On May 6, 1996, the Court granted the motion of the plaintiffs' group in the Litigation to be appointed lead plaintiffs under §21D(a)(3)(B) of the Exchange Act and approved lead plaintiffs selection of Milberg Weiss Bershad Hynes & Lerach LLP, and Hagens & Berman LLP as co-lead counsel pursuant to §21D(a)(3)(B)(v) of the Exchange Act. The actions were also consolidated as Marksman Partners L.P., et al. v. Chantal Pharmaceutical Corporation, et al, Case No.
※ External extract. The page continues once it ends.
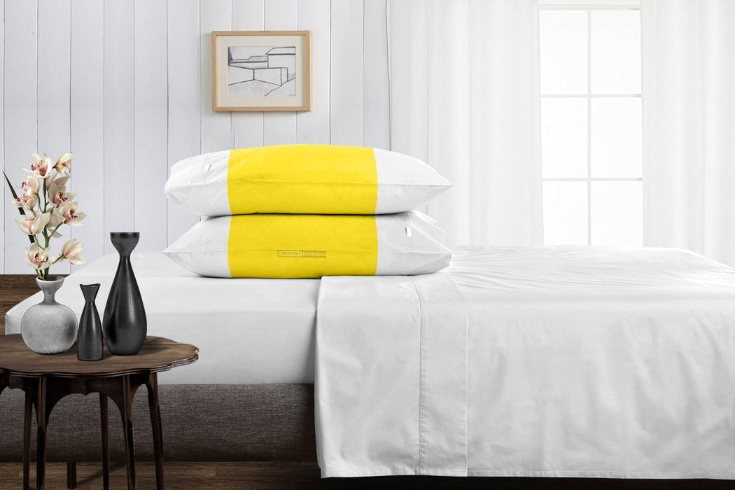 Comfort Beddings offers the best Yellow with White Contrast Pillowcases in the market as they have been made from the finest quality Egyptian Cotton material for your ultimate comfort experience.

CV-96-0872-WJR. On May 6, 1996, the lead plaintiffs filed a Consolidated Class Action Complaint.

On June 10, 1996, the Court certified a class of persons who purchased the common stock of Chantal during the period between July 10, 1995 and January 5, 1996, inclusive.
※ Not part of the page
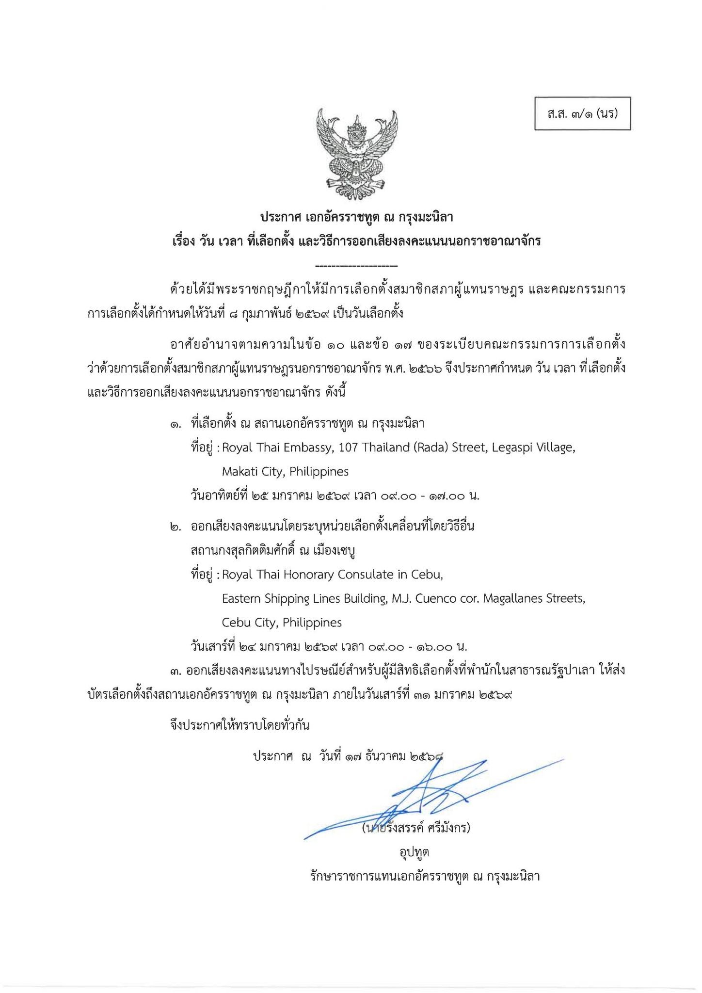 สถานเอกอัครราชทูต ณ กรุงมะนิลา ได้ออกประกาศเอกอัครราชทูต ณ กรุงมะนิลา เรื่อง วัน เวลา ที่เลือกตั้ง และวิธีการออกเสียงลงคะแนนนอกราชอาณาจักร สำหรับผู้มีสิทธิเลือกตั้งใน สาธารณรัฐฟิลิปปินส์ และ สาธารณรัฐปาเลา ดังนี้

On December 31, 1997, the lead plaintiffs filed a First Amended Complaint adding Coopers and Lybrand, LLP, the Company's former auditors ("C&L"), Stanson Medical Marketing, Inc., the Company's North America distributor ("Stanson"), and Fred Reinstein, identified as the President of Stanson, as defendants.

On May 28, 1998, defendants Stanson Marketing and Fred Reinstein filed a motion to dismiss, which was denied on August 12, 1998.
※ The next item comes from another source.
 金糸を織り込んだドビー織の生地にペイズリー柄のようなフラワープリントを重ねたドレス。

On January 13, 1999, defendants Fred Reinstein and Stanson Marketing filed a motion for summary judgment as did defendants Chantal Burnison and Chantal. On January 15, 1999, defendant Coopers & Lybrand also filed a motion for summary judgment.

On February 24, 1999, the Court entered an order denying two of the motions for summary judgment and granting defendant Coopers & Lybrand LLP’s motion for summary judgment. That order was affirmed by the Ninth Circuit Court of Appeals on August 22, 2000. The judgment entered pursuant to the foregoing order is now final and no longer subject to appeal.

On May 21, 2001, the remaining parties entered a Stipulation and Agreement of Settlement. The settlement was preliminarily approved on May 31, 2001. According to the preliminary approval order, on February 17, 1999, an involuntary petition under Chapter 11 of the United States Bankruptcy Code was filed against Chantal. An order for relief was entered in the Chantal bankruptcy on March 15, 1999. On March 12, 1999, Chantal Skin Care Corporation ("Chantal Skin Care") filed a voluntary petition under Chapter 11 of the United States Bankruptcy Code. On April 28, 2000, the Bankruptcy Court entered an order consolidating the Chantal and Chantal Skin Care bankruptcy cases. Because of Chantal's bankruptcy, the lack of any available insurance and the fact that the remaining Defendants have no substantial assets to satisfy any judgment in this Litigation, there is no recovery for the Class.

According to the Memorandum Of Points And Authorities In Support Of Final Approval Of Settlement dated July 23, 2001, the settlement is with the remaining defendants in the action Chantal, Chantal Burnison, Fred Reinstein and Stanson Marketing, Inc. Plaintiff attorneys will not receive any attorney fees or expenses. The Settlement consists of a payment of $20,000 from Burnison and a payment of $20,000 from Stanson and Reinstein collectively. These funds are to pay the costs and expenses reasonably and actually incurred in printing and mailing the Notice to shareholders and the cost of publishing the Summary Notice. The settlement provides no monetary relief for Members of the Class.

On July 31, 2001, District Court Judge William J. Rea signed the Final Judgment and Order, approving the settlement and dismissing action with prejudice.